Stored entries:
□ □ □ □ □
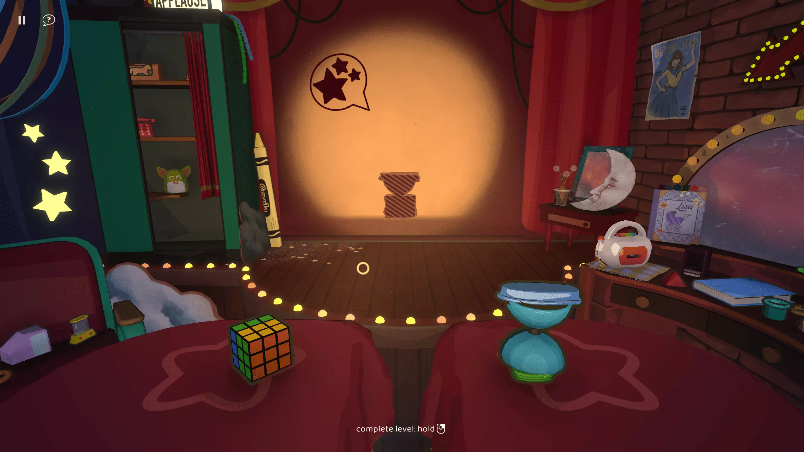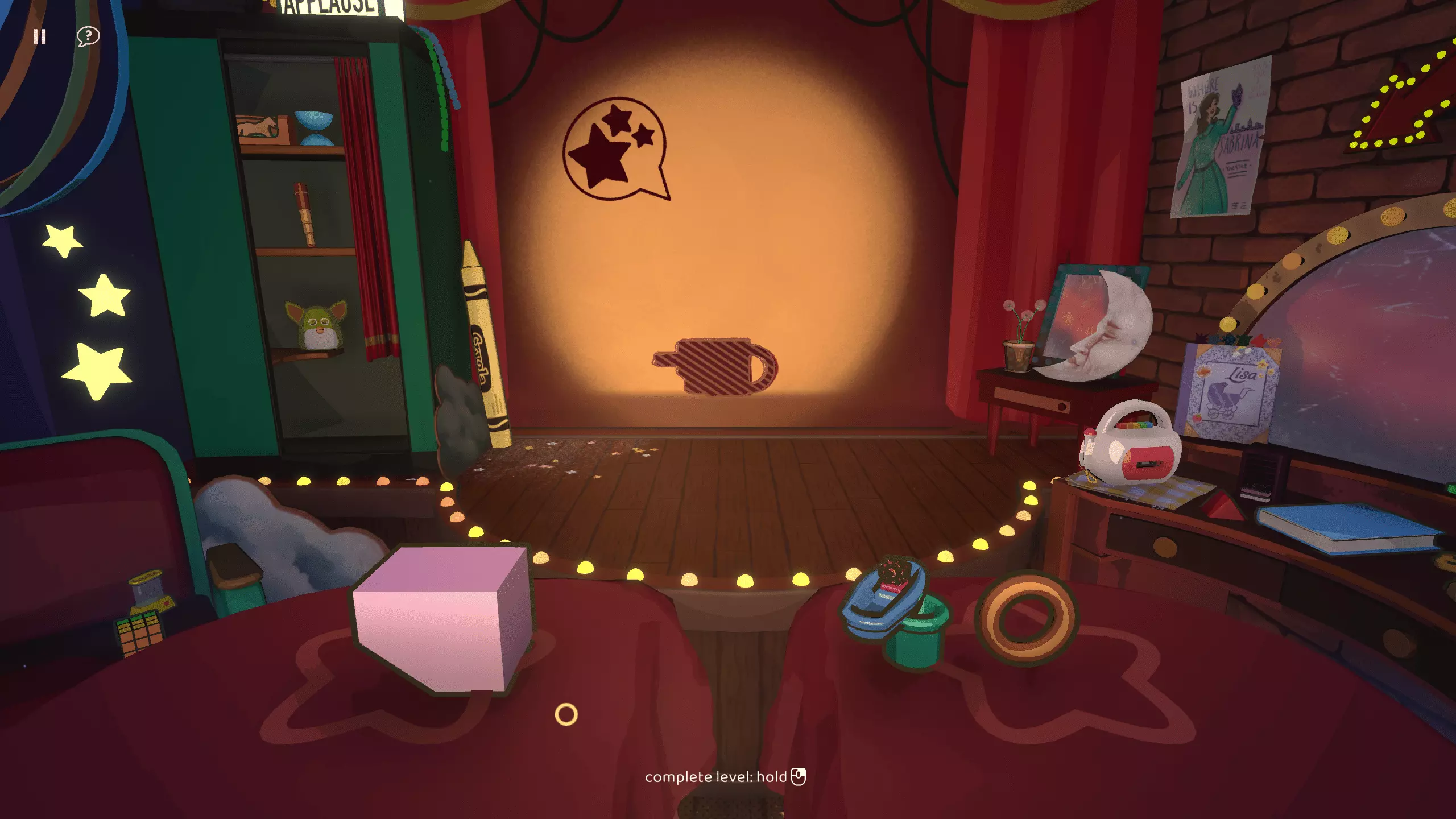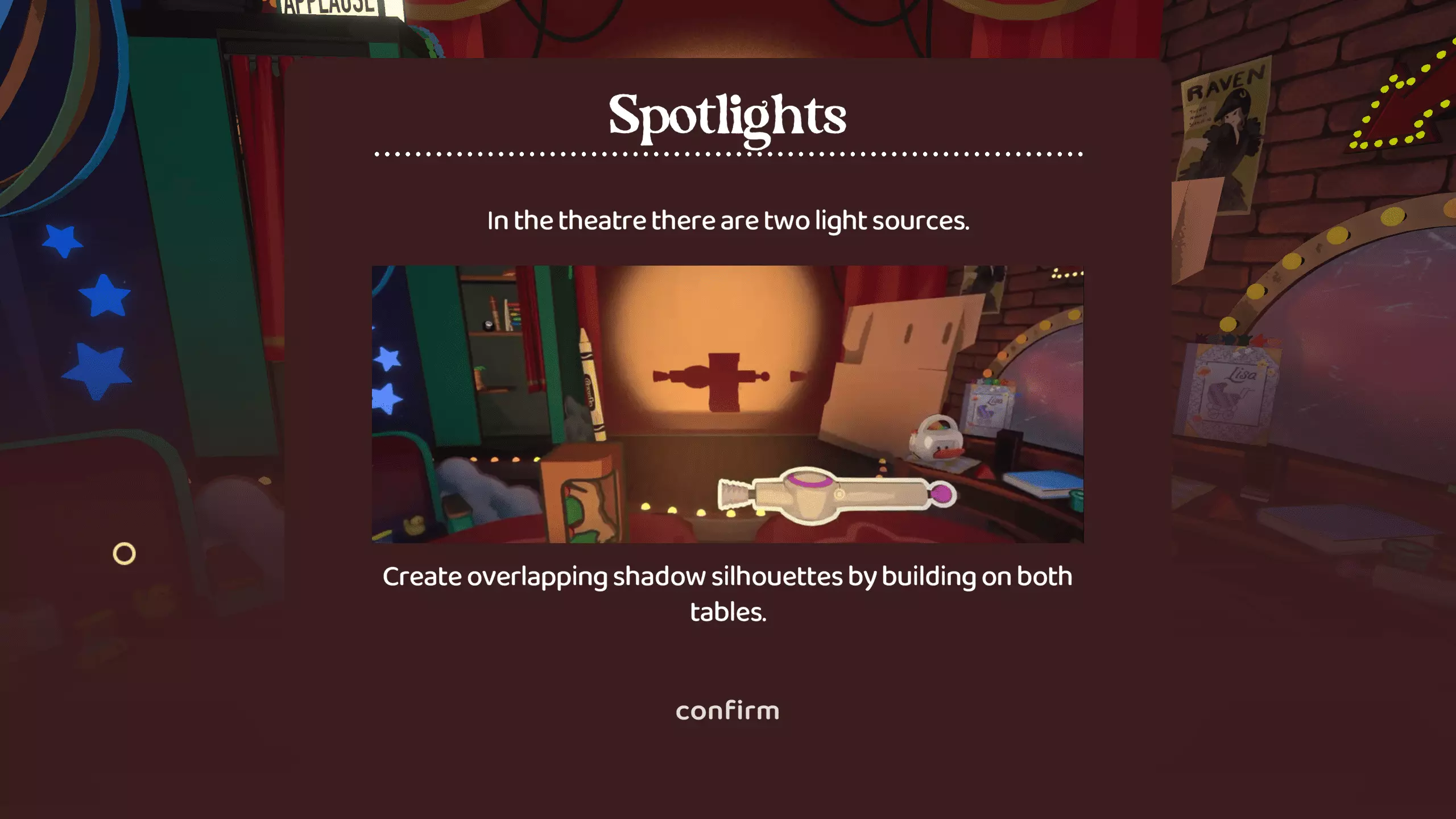 尘埃落定 在【欢迎丽莎】章节中以三星评价完成所有关卡 第二章:我的闪耀之星 第二章引入了聚光灯机制。通过使用两个光源,你可以使物体重叠。
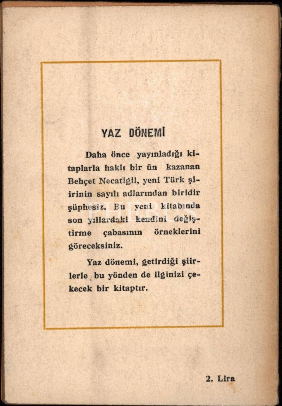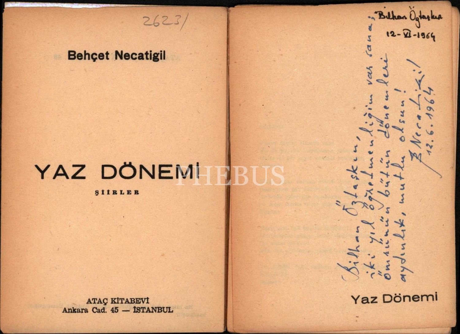 YAZ DÖNEMİ, Behçet Necatigil, 1963, Ataç Kitabevi, 48 sayfa, 11 X 16,5 cm… İthaflı ve imzalı…
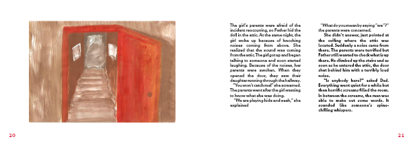 The girl’s parents were afraid of the incident reoccurring, so Father hid the doll in the attic. At the same night, the girl woke up because of knocking noises coming from above. She realized that the sound was coming from the attic. The girl got up and began talking to someone and soon started laughing. Because of the noises, her parents were awoken. When they opened the door, they saw their daughter running through the hallway.
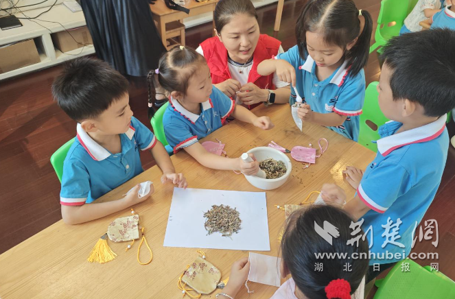 襄城区恒大幼儿园 制作防蚊虫中药香囊。 通讯员 供图
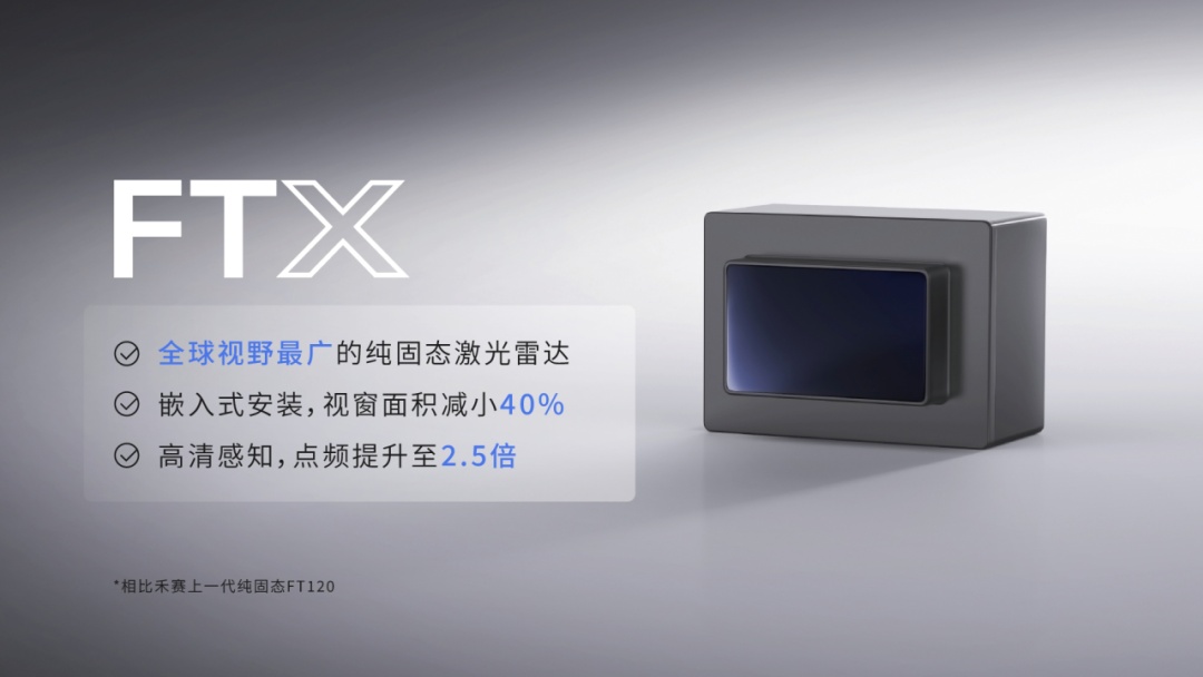 禾赛FTX作为禾赛第二代纯固态超广角激光雷达,采用纯固态电子扫描技术实现了最大视场角180°x140°,是全球视野最广的纯固态车规级激光雷达。FTX测距能力在10%反射率下可达到30米,分辨率点频是上一代的2.5倍,达到49.2万点每秒,能实现对盲区的高清扫描。相比上一代产品,它的重量减少了66%,嵌入安装时外露视窗面积仅为50x30毫米,造型更为小巧美观。
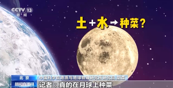 中国科学院地质与地球物理研究所研究员胡森:如果要在月球种菜的话,无土栽培可能是最好的技术手段,因为目前来看,月球上不仅要有水,种菜的话还要有有机质,可能还有很远的路要走。
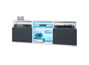 Tv Lowboard Board Schrank Tisch Möbel Granada Anthrazit matt - Hochglanz & Naturtöne - Front in Schwarz matt mit led Beleuchtung - Front in Schwarz
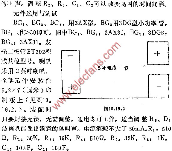 V1,V2構(gòu)成互補(bǔ)自激振蕩器,利用R,C的充放電模擬鳥(niǎo)兒的鳴叫聲。
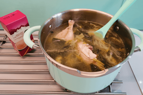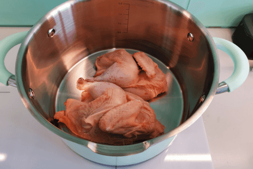 Put the chicken in the pot.
□ □ □ □ □
Problem to solve
Make an exact copy of only those lines that run from the line with "中国科学院地质与地球物理研究" through the end of the records, excluding pictures.

Response to this task
 中国科学院地质与地球物理研究所研究员胡森:如果要在月球种菜的话,无土栽培可能是最好的技术手段,因为目前来看,月球上不仅要有水,种菜的话还要有有机质,可能还有很远的路要走。
 Tv Lowboard Board Schrank Tisch Möbel Granada Anthrazit matt - Hochglanz & Naturtöne - Front in Schwarz matt mit led Beleuchtung - Front in Schwarz
 V1,V2構(gòu)成互補(bǔ)自激振蕩器,利用R,C的充放電模擬鳥(niǎo)兒的鳴叫聲。
 Put the chicken in the pot.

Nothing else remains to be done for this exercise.